CardioMed-LLaMA3.2-1B is a domain-adapted, instruction-tuned language model fine-tuned specifically on heart disease–related medical prompts using LoRA on top of meta-llama/Llama-3.2-1B-Instruct.

This model is designed to generate structured medical abstracts and awareness information about cardiovascular diseases such as stroke, myocardial infarction, hypertension, etc.


✨ Example Usage

from transformers import AutoTokenizer, AutoModelForCausalLM
import torch

model = AutoModelForCausalLM.from_pretrained("rajkumar/CardioMed-LLaMA3.2-1B", torch_dtype=torch.float16).cuda()
tokenizer = AutoTokenizer.from_pretrained("rajkumar/CardioMed-LLaMA3.2-1B")
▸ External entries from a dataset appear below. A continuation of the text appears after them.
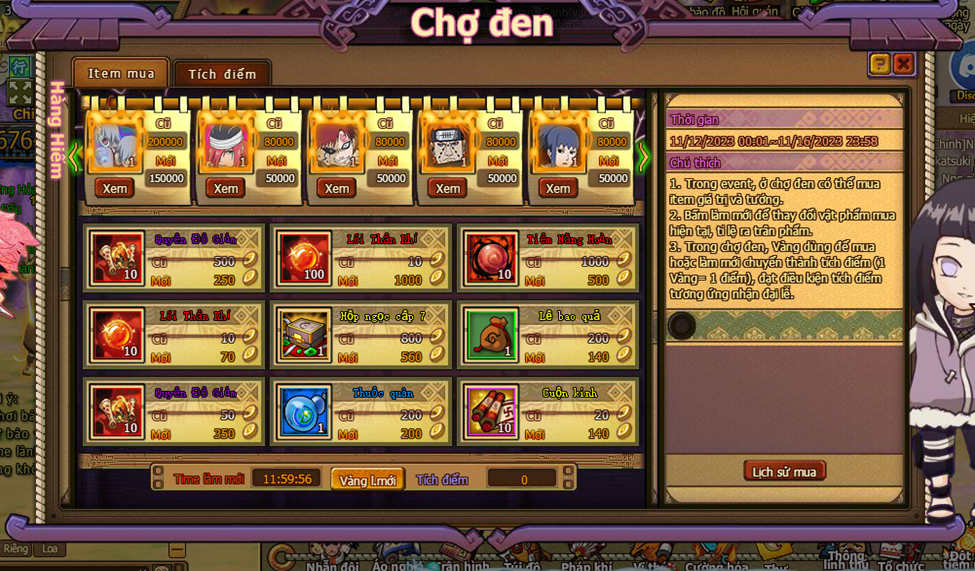 1. Trong event , ở chợ đen có thể mua item giá trị và tướng
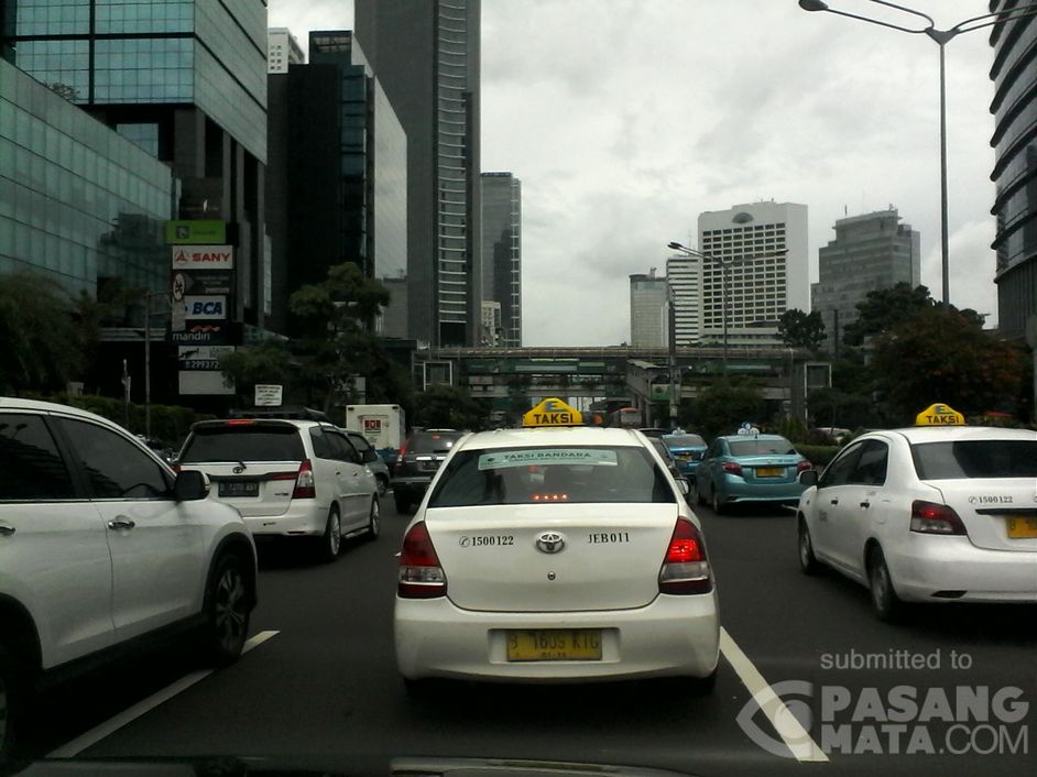 Tampak arus lalu lintas yang ramai saat ini di Jl. Jenderal Sudirman, sekitar halte Tosari, mengarah bundaran Hotel Indonesia
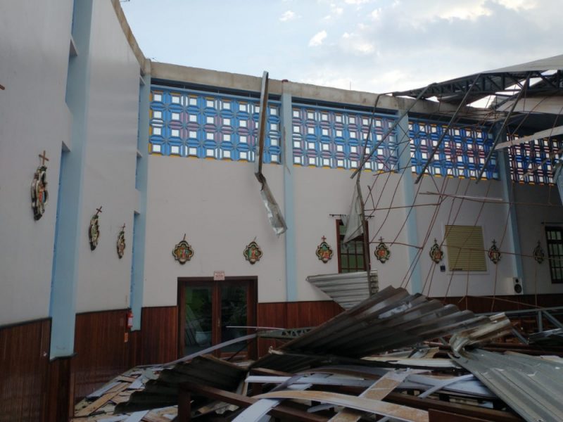 Telhado da Igreja Matriz ficou completamente destruído. – Foto: Reprodução NDA cidade teve registro de ventos, raios, trovoadas e granizo. O Corpo de Bombeiros atendeu diversas ocorrências durante a passagem da tempestade. Dezoito bombeiros foram divididos em três equipes que atenderam Barra Bonita, o centro e o interior de Guaraciaba. A instituição fez 45 entregas de lonas nessas localidades.
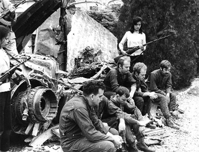 Phi công Mỹ bên xác máy bay B-52 bị bắn rơi ở Hà Nội. Ảnh: Cảnh trong phim "Hà Nội - Bản hùng ca" của Điện ảnh Quân đội.
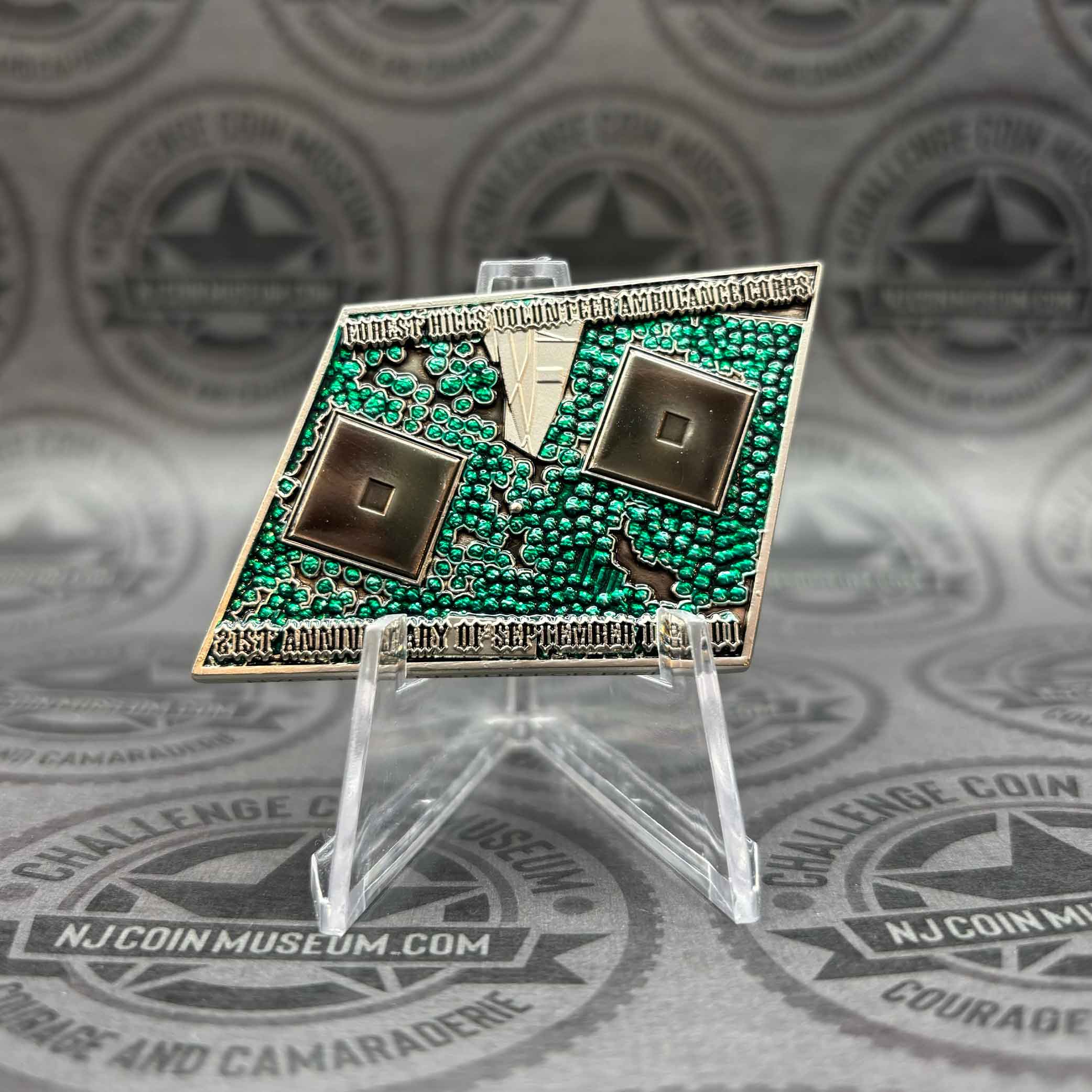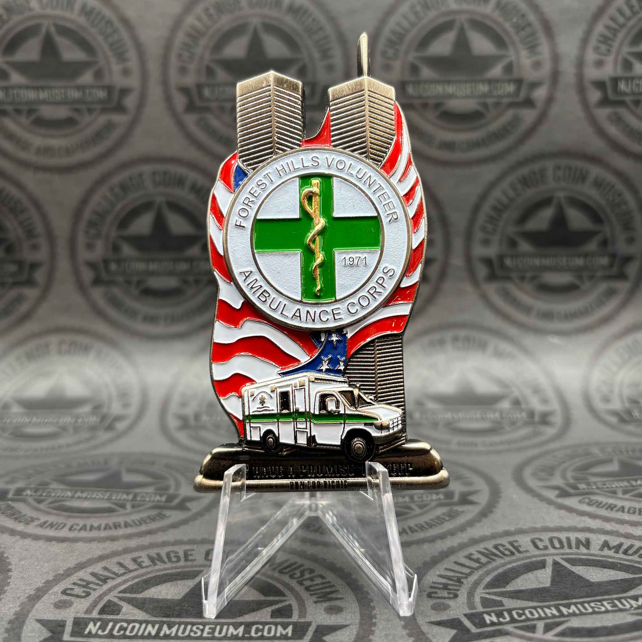 The Forest Hills Volunteer Ambulance Corps 21st Anniversary of 9/11 challenge coin honors the dedication and sacrifice of the volunteers who answered the call in the wake of September 11th and continue to serve their community with unwavering commitment. We invite you to stop in anytime and see this Beautiful Museum! Click HERE for hours

prompt = """### Instruction:
Provide an abstract and awareness information for the following disease: Myocardial Infarction

### Response:
"""

inputs = tokenizer(prompt, return_tensors="pt").to("cuda")
outputs = model.generate(**inputs, max_new_tokens=512)
print(tokenizer.decode(outputs[0], skip_special_tokens=True))

🧠 Use Cases

  • Patient education for cardiovascular conditions
  • Early awareness chatbots
  • Clinical NLP augmentation
  • Health-tech research assistants

🔧 Fine-tuning Details

  • Base model: meta-llama/Llama-3.2-1B-Instruct
  • Fine-tuning method: PEFT (LoRA)
  • LoRA target modules: q_proj, v_proj
  • Dataset size: 3,209 instruction-response pairs (custom medical JSONL)
  • Instruction format: Alpaca-style (### Instruction / ### Response)
  • Max sequence length: 512 tokens
  • Framework: Hugging Face Transformers + PEFT

🧪 Prompt Format

### Instruction:
Provide an abstract and awareness information for the following disease: Stroke

### Response:

Model will generate:

  • ✅ Abstract
  • ✅ Awareness & prevention guidelines
  • ✅ Structured medical info

📄 License

This model is licensed under the MIT License and intended for educational and research purposes only.